Кола - Поляков Борис (библиотека электронных книг txt) 📗
Опять столкновение с властью. Что это даст? Ночи без сна, страх ожидания, допросы...
К черту долги, слова, теории! Он хочет покоя! У него есть книги, есть коллекция. Они заменяют ему и политику, и светские развлечения, и друзей. Он не хочет слышать о политике.
Горячиться, однако, не следует. Он должен обдумать все здраво, трезво. Конечно, потерянная земля для колян – реальность. И хотелось себя ругнуть: испугался, потому что почуял опасность? Как и тогда? Недовольно поворочался в кресле. Это «тогда» он не любил помнить. Думал: перед собой он прав. Тогда он увидел опасность раньше других, отошел и тем спасся. Не такие ломались. Изменил своим убеждениям Достоевский – ум! А он маленький человек.
Шешелов давно придумал себе это оправдание и находил в нем утешение. А Петрашевский не сдался, до сих пор не сдался...

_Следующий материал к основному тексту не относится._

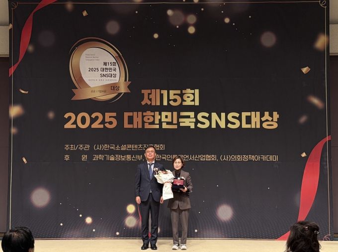 ‘대한민국 SNS 대상’은 (사)한국소셜콘텐츠진흥협회가 주최하고 과학기술정보통신부 등 관계 기관이 후원하는 행사로, 전국 지방자치단체와 공공기관의 SNS 운영 성과를 종합적으로 평가해 시상한다.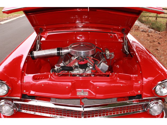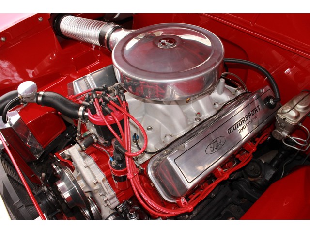 Finally, we will take a look at the driveline of the Ford. Under the hood as with the rest of the car is very clean and neat. All the inner fenders and fire wall is done in the same victory red. The engine is a 429 V8 that is mated to a C6 Trans. It has a lot of add-ons such as the Aluminum Intake, Holley Carb, and Ford Motor Sports Valve covers. To keep it cool on hot days it has Aluminum Radiator and Water Pump. All the pulleys are Billet along with a chrome Alternator. The sound is provided by a set of Short Headers and Flow Master exhaust. To help it stop it has 4 Wheel Disc Brakes. The bottom of this Ford is super solid and well done as expected.

В огромных часах шевельнулись пружины и певуче пробили три раза. Встревоженные, улеглись ворчливо, и снова тишину нарушал только сонный шаг маятника. Печка остыла, и от окон полз холод. Заныли от давнего ревматизма ноги. Шешелов оглядел кабинет. Портреты царской фамилии на стенах. Огромный стол и тяжелый трехсвечник. Цветастые портьеры, новый мундир городничего. Выколотил потухшую трубку, вздохнул. Господи, какая глупая и ненужная бутафория! Граница, поморы, власть, страх. Он старый и больной человек. Захотелось пожаловаться кому-нибудь, рассказать откровенно, что жизнь прошла, что много лет рядом нет близкого человека, а одиночество так тоскливо. У него нет сил разбираться в случившемся. Он чувствует, что может поступить не так, как нужно. Ему захотелось в тепло кровати. Закрыться там с головой одеялом и все-все забыть.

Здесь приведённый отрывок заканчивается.